The PC's I want to deploy this image to are on a different subnet seperated by site to site OpenVPN.

I tried to just setup DHCP relay and point it to the DHCP/WDS server but that was a no go.

Any other idea on how to get it over there? Running pfsense 2.0.1
 
You're trying to image over a WAN?
What is your network equipment?
Doesn't WDS have a Transport Server role that would let you have a "local" WDS image server?
 
What's the bandwith of the tunnel like? WDS on a 10/10 link is slooooooow let alone anything lower. What's handing out DHCP? Can you configure option 67 to point to the IP of the WDS server?
 
Yea im trying to image over wan. Its mostly for lab. My problem is the broadcast not reaching it. Come to think of it I dont think the relay was working, I just tested it again and it didnt pull a normal IP address for the DHCP server. I have a scope for it in DHCP which is in the subnet of the remote network.
 
YMMV, but with a different OS (Solaris AI) and pfSense, I
1. upload a pxeboot file from the Solaris install .iso to pfSense TFTP server. (This pxeboot file will later on point the PXE target to the install server's IP and port, which could be anywhere).
2. Enable PXE on the target nic from BIOS on the target box. Connect everything physically.
3. Find the nic on pfSense, enable Wake On Lan for that nic's mac. (You may have to power cycle the target for pfSense Wake On Lan to find it.)
4. Send Magic Packet from pfSense Wake On LAN and watch the magic happen as the target gets the Magic Ping, wakes up, gets TFTP, finds the install server and starts to provision itself. (This works for 57 brand new boxes at a time to set up a university lab too. ;) )

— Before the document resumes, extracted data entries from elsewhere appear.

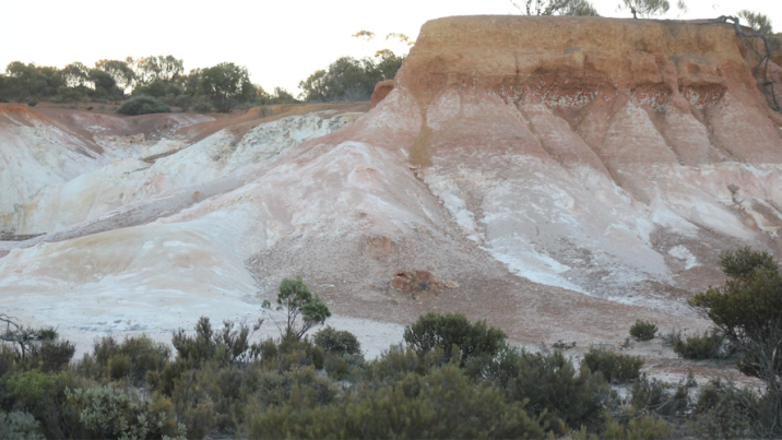 We visited many places including the Macrocarpa Trail with its thousands of Eucalyptus macrocarpa which, although not in flower, were still stunning. They were surrounded by Banksia sphaerocarpa in full flower. We also visited the Buckley’s Breakaway (below, R Green) and found the lunar-like landscape a photographer’s delight. At the base were piles of quartz and bright white kaolinite, and at the top a deep orange cap-rock of laterite.
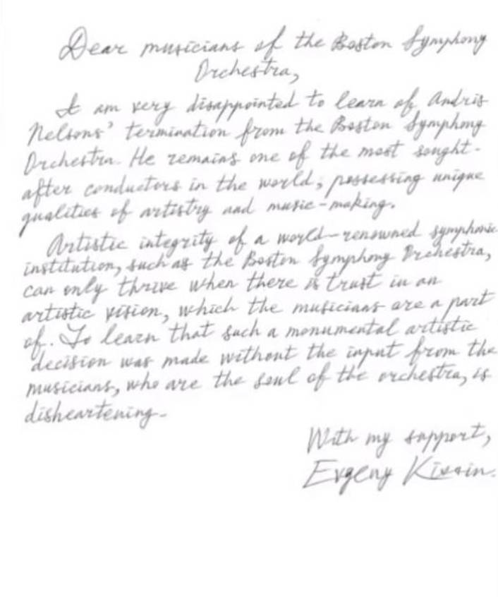 In a handwritten letter addressed to the musicians of the orchestra, Kissin writes that he is “very disappointed” by the decision, describing Nelsons as “one of the most sought-after conductors in the world” and praising his “unique qualities of artistry and music-making.”
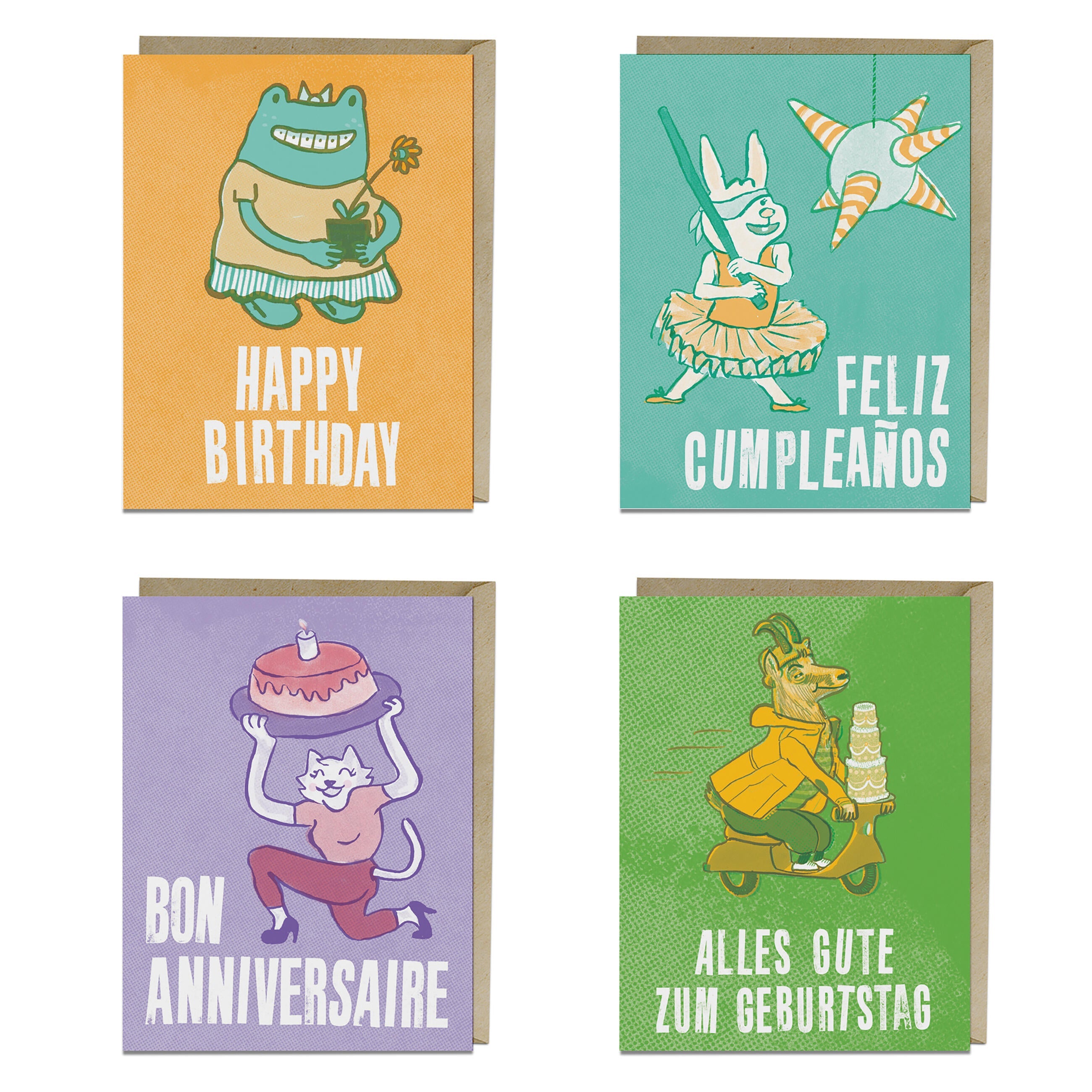 These birthday cards are really cute in a slightly nostalgic way. . . and perfectly all-purpose. Like, you could give one to a child OR a coworker OR your grandma. Plus, they say “Happy Birthday” in 4 different languages—English, French, German, and Spanish— which is just fun!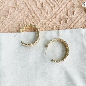 Organic, rattan texture dipped in a modern-day metallic, the Natalie Hoop Earrings in Gold are a contemporary take on a vintage-inspired design. No matter how you wear them, you'll make a boldly boho statement in a truly timeless trend.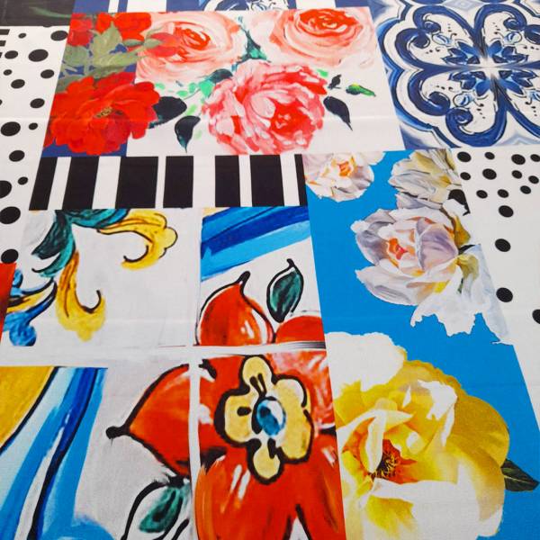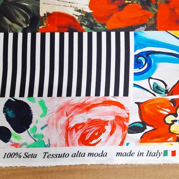 Raso di seta made in italy fantasia effetto collage

As long as the interface enabled in pfSense's TFTP server is the same as the DHCP server listens to, you should be golden for Wake On LAN from any target machine that could ordinarily get DHCP.
 
Last edited:
paret0 said:
YMMV, but with a different OS (Solaris AI) and pfSense, I
1. upload a pxeboot file from the Solaris install .iso to pfSense TFTP server. (This pxeboot file will later on point the PXE target to the install server's IP and port, which could be anywhere).
2. Enable PXE on the target nic from BIOS on the target box. Connect everything physically.
3. Find the nic on pfSense, enable Wake On Lan for that nic's mac. (You may have to power cycle the target for pfSense Wake On Lan to find it.)
4. Send Magic Packet from pfSense Wake On LAN and watch the magic happen as the target gets the Magic Ping, wakes up, gets TFTP, finds the install server and starts to provision itself. (This works for 57 brand new boxes at a time to set up a university lab too. ;) )

As long as the interface enabled in pfSense's TFTP server is the same as the DHCP server listens to, you should be golden for Wake On LAN from any target machine that could ordinarily get DHCP.
Click to expand...

I'm not trying to PXE boot to the pfsense box though. The device I'm trying to boot from is on a different subnet. Thanks for the info though. Nice to see the n00bie's giving out good info and contributing to the board. ;)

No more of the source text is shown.